For a look at some ideas about how today’s LTCI agents and brokers might fit in an “AirLTC” world, read on.
1. You could figure out how to tell clients about the Uber-like LTC services that already exist.
Many older Americans start to think about whether they need to move into a facility after losing the ability to handle tasks such as shopping, and getting to the doctor on their own. Adult children used to a suburban lifestyle may think the only realistic answer for parents who have lost the ability to drive is an assisted living facility.
In areas in which Uber is active, Uber itself can keep the loss of a driver license from leading to a loss of independence.
General-purpose errand-running services like TaskRabbit can keep an inability to go grocery shopping, change light bulbs or do the laundry from becoming a crippling inability. The Autism NOW Center and the Autistic Self Advocacy Network have included TaskRabbit in a grant-funded guide to home and community-based services. TaskRabbit appears right under Meals on Wheels.
Meanwhile, in some communities, companies are already trying to offer “gig economy” services aimed at the LTC market.
SitterCity, for example, offers a section for consumers who are looking for care for adults. The site encourages families to use its site to look for rehabilitation care specialists, respite care providers, certified nursing assistants, and companions with Alzheimer’s and dementia experience.

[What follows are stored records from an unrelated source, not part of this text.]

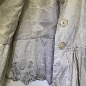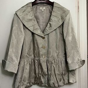 Stylish jacket made of 56%Cotton, 43% Polyester, and 1st % Spandex . Lining is 100% Polyester. Size 10 slight stretch. Lite olive color. Like new !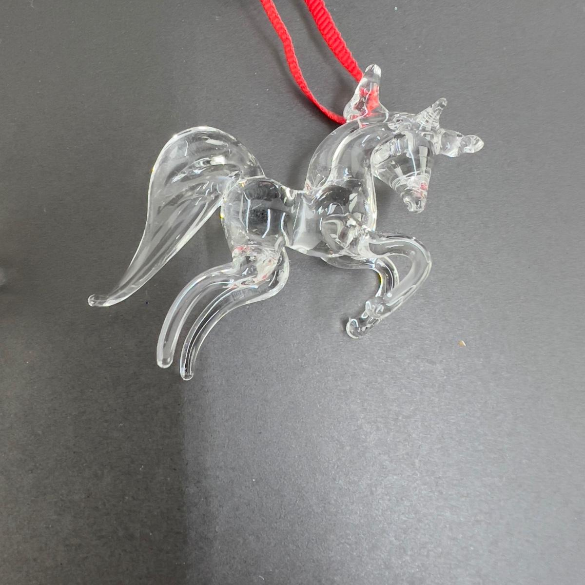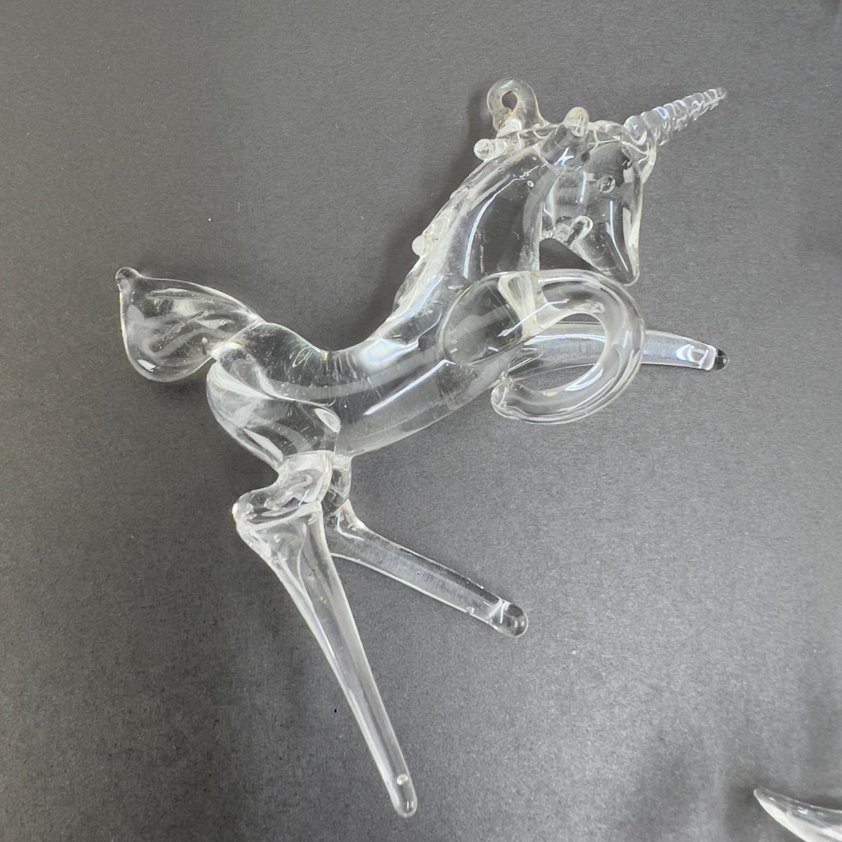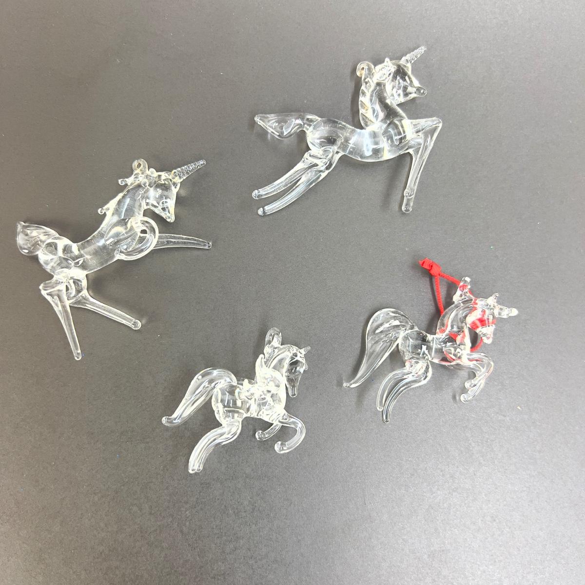 Lot 318. Lot of Four Clear Glass Unicorn Ornaments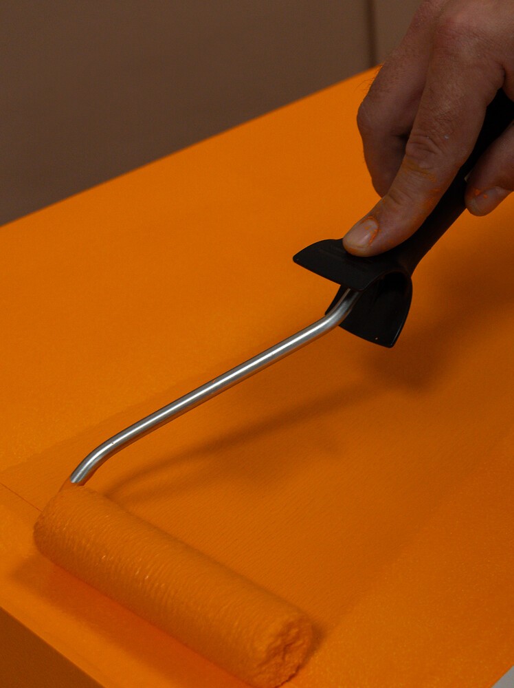 Jetzt geht’s ans Lackieren der Außenseiten und der Konturen mit dem Farbton deiner Wahl. Wir haben uns für unseren Alles Streichen Lack! im Farbton Orange mit Mandarine entschieden.

Room2Care, a Miami company, lets older people who have spare room in their homes use the extra living space to attract live-in care providers.
In some communities, an experienced LTC planner might be able to get attention simply by conducting seminars that explain which services are actually available.
2. You could provide some kind of LTC gig program quality assessment.
The workshop participants gave some thought to quality concerns. Some proposed that the ideal manager of an UberLTC program would be a nonprofit, independent, quasi-government-like entity that would set quality standards and make sure those standards were met.
At this point, however, it seems as if a logical alternative might be someone like you. You could set up a local LTC services rating website, or you could simply ask your clients who are caregivers or care recipients what kinds of gig economy services they’re using, and which ones they like.
3. You could keep tabs on the LTC gig service providers.
Some LTC planners are already doing some light care management. They might check in on aging parents for long-distance adult children caregivers.
If you’re already doing a little care management, keeping tabs on gig economy services providers might not be much of a stretch.
4. You could figure out how to get paid to sell LTC gig program memberships.
Organizers of all of the new gig economy services probably think all they need to do to make book is to set up a website, buy some ads and spam everyone with tweets. They probably assume that their great services will sell themselves.
Of course, the makers of the financial services products you currently sell probably all assumed that their fine products would sell themselves.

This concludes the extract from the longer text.